Transition and Transformation

Establishing the Labrador Campus

Illustration of spruce trees

The need: University education, by and for the North

Across Canada, there have been repeated calls by First Nations, Inuit, and Métis governments, communities, and leaders for place-based and accessible university education offered in the North, reflecting Northern places, peoples, cultures, and histories, and working in partnership with Indigenous peoples.

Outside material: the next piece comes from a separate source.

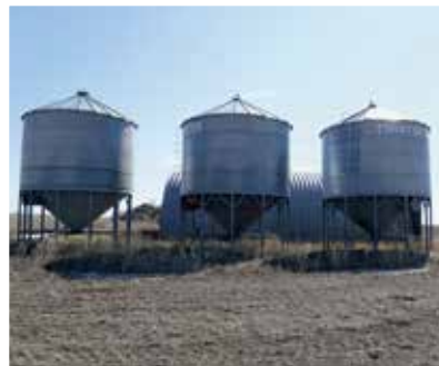
3 - Twister 4200 Bushel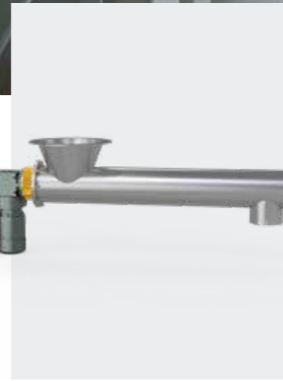
Dosing Screw Feeder

At the first meeting of the Labrador Campus Strategic Task Force in 2018, Elder Jean Crane highlighted that a Labrador Campus offers the opportunity and privilege to imagine new pathways and new Institution-to-Indigenous relationships that support Innu and Inuit self-determination, sovereignty, and resurgence. We take this responsibility to heart: access to high-quality higher education in one’s home territory, reflective of one’s cultures, lands, and ancestors is a fundamental right.


 

Photo of Elder Jean Crane, with her prayer for the ancestors and the land written below

 

"A Prayer for the Ancestors and the Land," as shared by Elder Jean Crane with the Labrador Campus Strategic Task Force during our first meeting in Happy Valley-Goose Bay in July 2018, to ground us in our shared responsibilities to the lands, ancestors, and future generations of Labrador, and to show the importance of our work to healing and to reconciliation.


 

Illustration of spruce trees

Why a Labrador Campus?

The Labrador Campus of Memorial University is one of the few university-based units in Canada dedicated solely to the needs and priorities of the North. The Labrador Campus aligns with and responds to Memorial University’s strategic plan, Transforming our Horizons, with the Indigenization Strategy and the Research Involving Indigenous Groups policy, the new singular generational partnership with Nunavut Arctic College and related North-to-North learning opportunities, Memorial University is uniquely situated to have a full degree-granting Campus in Labrador, with accompanying infrastructure and resources.


 

In partnership

The Labrador Campus is working in partnership with the Nunatsiavut Government, the NunatuKavut Community Council, the Innu Nation, the Town of Happy Valley-Goose Bay, and other local, national, and international partners to meet the university’s special obligations to the people of Newfoundland and Labrador, and become leaders in Indigenous- and Northern-led research, education, and public outreach in the country.